◆ **EXERCISE DETAILS**: Scan the records below for the line with "Analyze your earnings" and the line with "timing sprockets (3).", and retype that range exactly, both ends included, pictures excepted.

◆ **THE INPUT**:
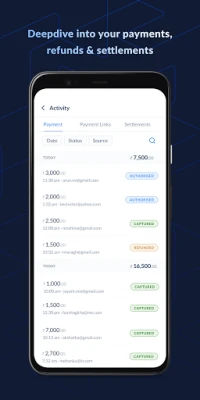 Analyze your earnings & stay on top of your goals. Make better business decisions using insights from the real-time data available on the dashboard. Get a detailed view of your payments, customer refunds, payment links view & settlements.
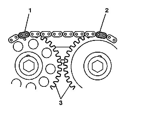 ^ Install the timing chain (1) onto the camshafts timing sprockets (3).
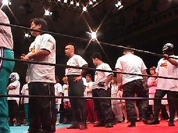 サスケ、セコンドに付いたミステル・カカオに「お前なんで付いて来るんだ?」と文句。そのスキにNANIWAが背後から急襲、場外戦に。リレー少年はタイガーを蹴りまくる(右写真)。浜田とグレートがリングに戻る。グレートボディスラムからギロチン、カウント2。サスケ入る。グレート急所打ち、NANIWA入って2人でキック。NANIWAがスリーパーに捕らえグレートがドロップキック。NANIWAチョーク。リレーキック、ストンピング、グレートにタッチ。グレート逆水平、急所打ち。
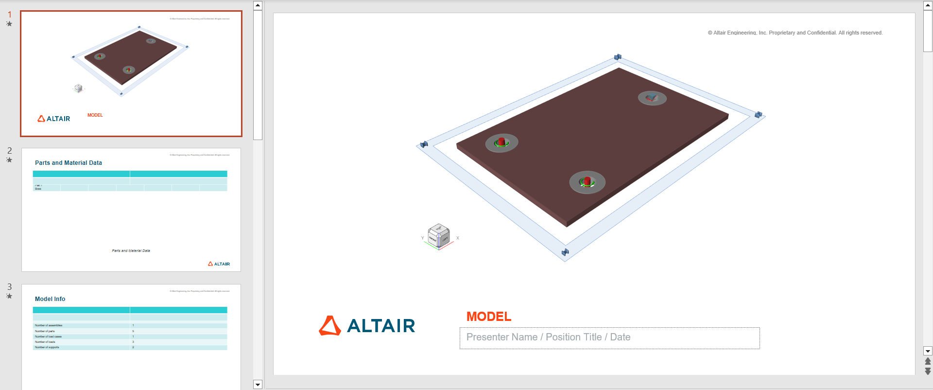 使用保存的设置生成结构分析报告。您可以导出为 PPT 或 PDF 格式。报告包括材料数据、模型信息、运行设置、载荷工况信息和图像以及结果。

==

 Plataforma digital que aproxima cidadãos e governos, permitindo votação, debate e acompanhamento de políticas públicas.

◆ **YOUR SOLUTION**:
 Analyze your earnings & stay on top of your goals. Make better business decisions using insights from the real-time data available on the dashboard. Get a detailed view of your payments, customer refunds, payment links view & settlements.
 ^ Install the timing chain (1) onto the camshafts timing sprockets (3).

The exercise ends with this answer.